On a tous cette idée en tête : pour réussir, il faut bosser dur, tard le soir, le week-end. C’est presque un réflexe culturel. On admire ceux qui enchaînent les heures, comme si le temps passé était la seule mesure du mérite. Mais est-ce vraiment vrai ?
L’héritage de l’ère industrielle
Cette croyance vient du travail à la chaîne : plus tu produis d’unités par heure, mieux c’est. Mais aujourd’hui, la plupart des jobs ne sont pas des chaînes de montage. Un développeur, un créatif, un manager : leur valeur ne se compte pas en heures, mais en qualité de travail.
L’illusion de la présence
Beaucoup confondent présence et productivité. Rester tard au bureau donne l’impression d’en faire plus, mais souvent, c’est juste de la fatigue accumulée. On finit par tourner en rond, répondre à des mails inutiles, ou refaire ce qui est déjà bon.

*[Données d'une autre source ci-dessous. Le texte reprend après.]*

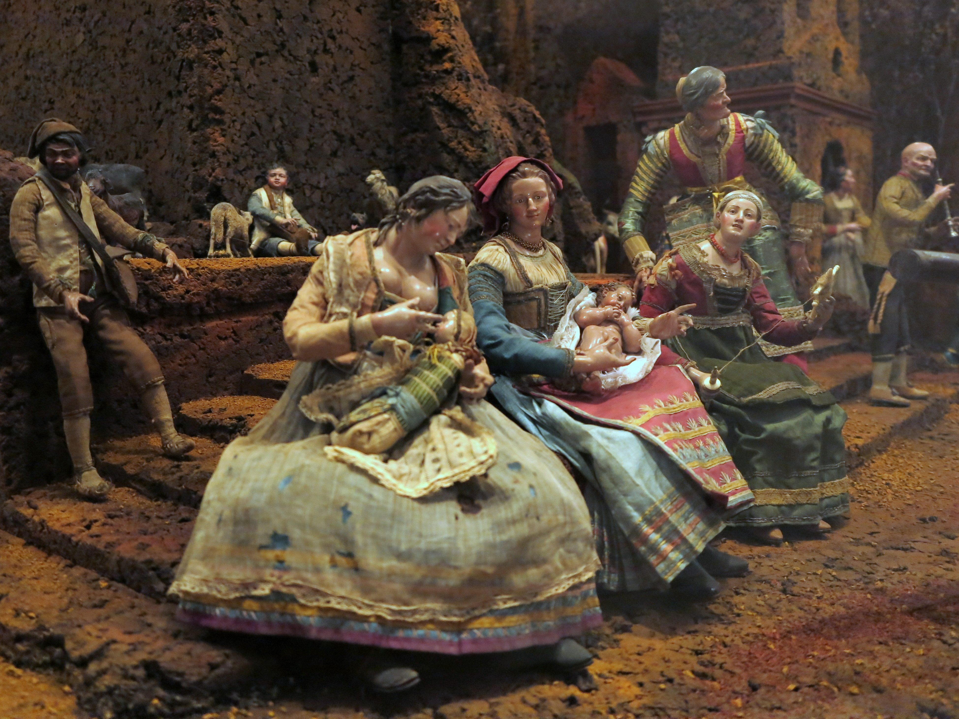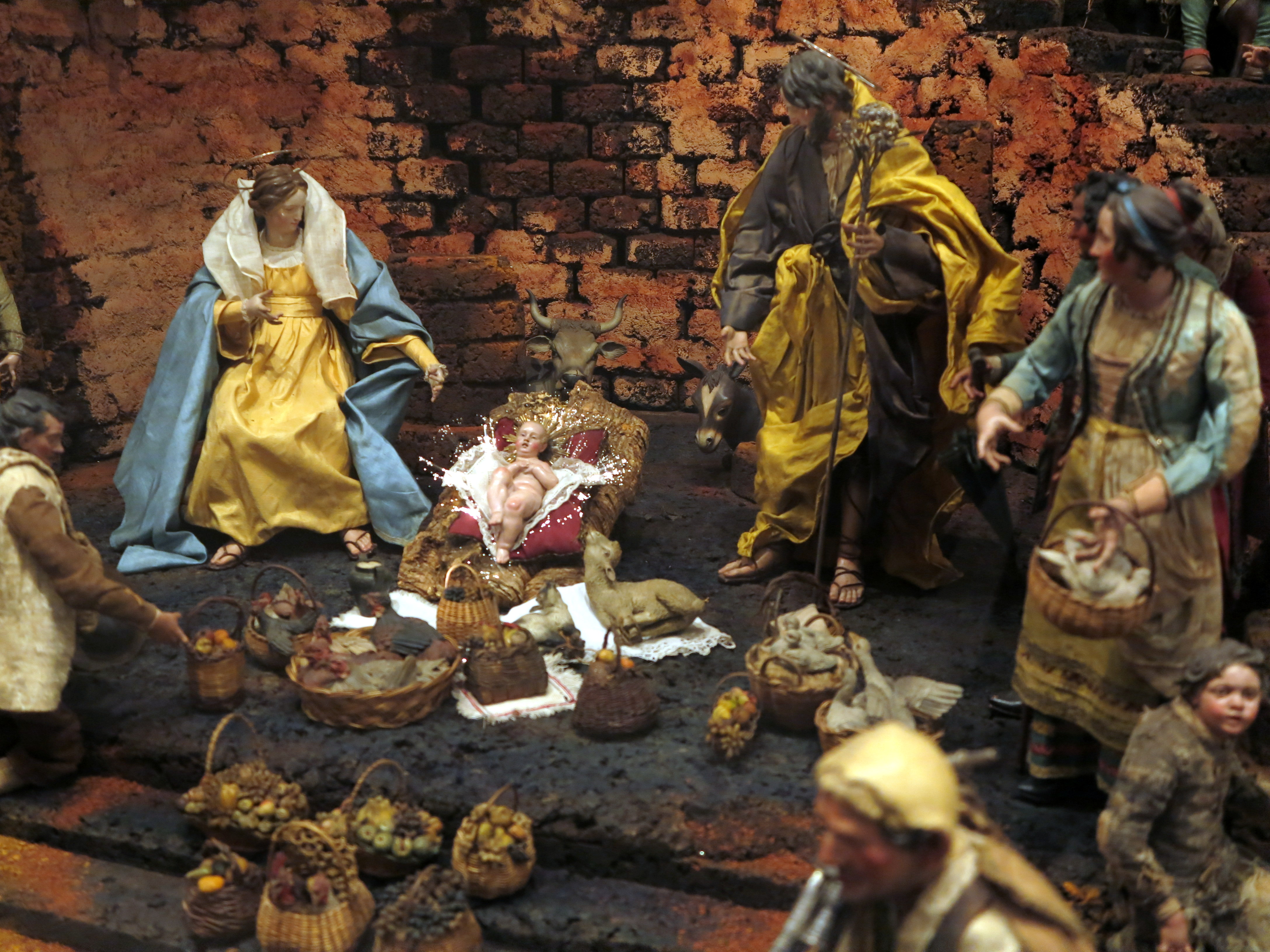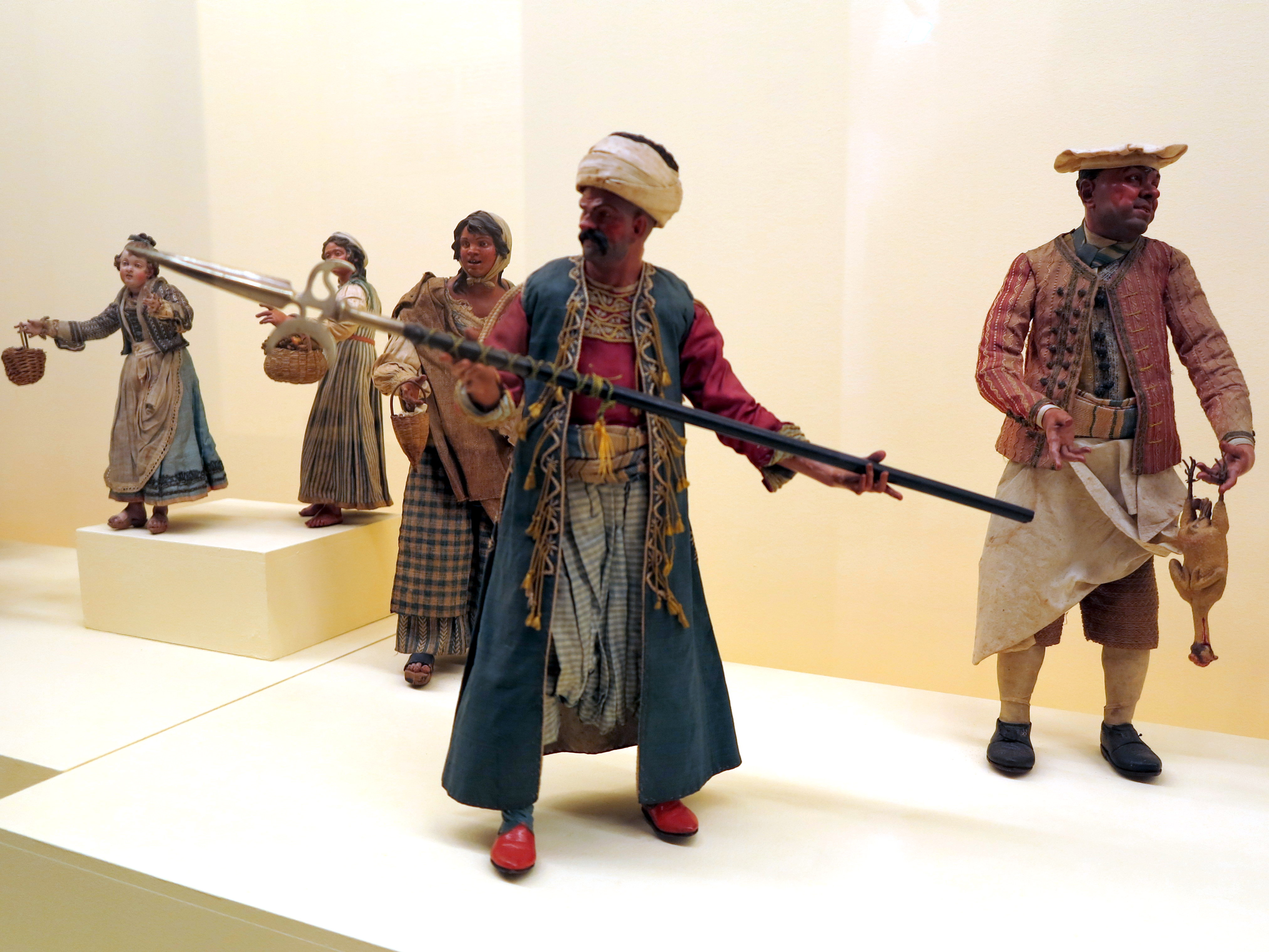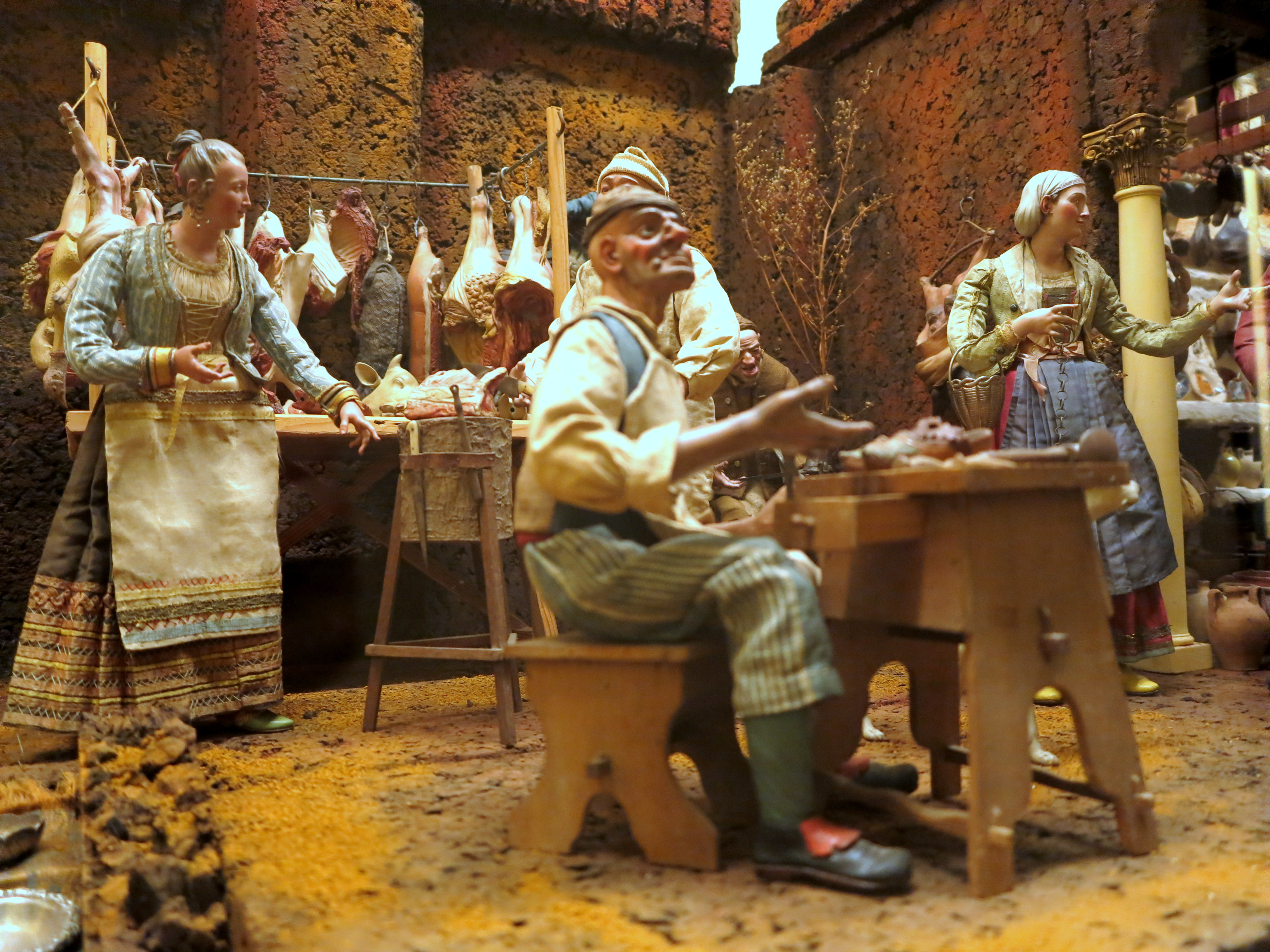 Las figuras son realistas y hechas a mano, representan tipos napolitanos dieciochescos en su indumentaria y también, otros personajes de regiones alejadas que acuden a adorar al Niño. Se construían y aún se sigue haciendo así, con la cara, los brazos y las piernas de arcilla cocida casi vitrificada, bellamente policromadas y con los ojos de cristal. El cuerpo se hace con estopa y alambre para que admita movimiento y que se le pueda cambiar de postura a voluntad. La vestimenta de las figuras es muy elaborada, siendo la de la Madonna (la Virgen) y los Ángeles de rico tafetán de seda y, la de los pastores de lana o algodón. El tipismo napolitano está presente en todas las representaciones y, aún hoy día, sigue manteniéndose inalterada esta tradición que no cambia con las modas.

Le piège de la comparaison
Voir un collègue travailler 60 heures peut nous pousser à en faire autant. Mais chacun a son rythme. Certains sont très efficaces en 30 heures, d’autres moins en 50. L’important est de connaître son propre pic de productivité.
Et les études dans tout ça ?
Des recherches montrent que la productivité chute après 40-50 heures par semaine. Au-delà, chaque heure supplémentaire rapporte de moins en moins, jusqu’à être contre-productive. Le cerveau fatigue, les erreurs augmentent, la créativité s’éteint.
Alors non, travailler plus d’heures n’est pas une garantie de meilleurs résultats. C’est même souvent l’inverse.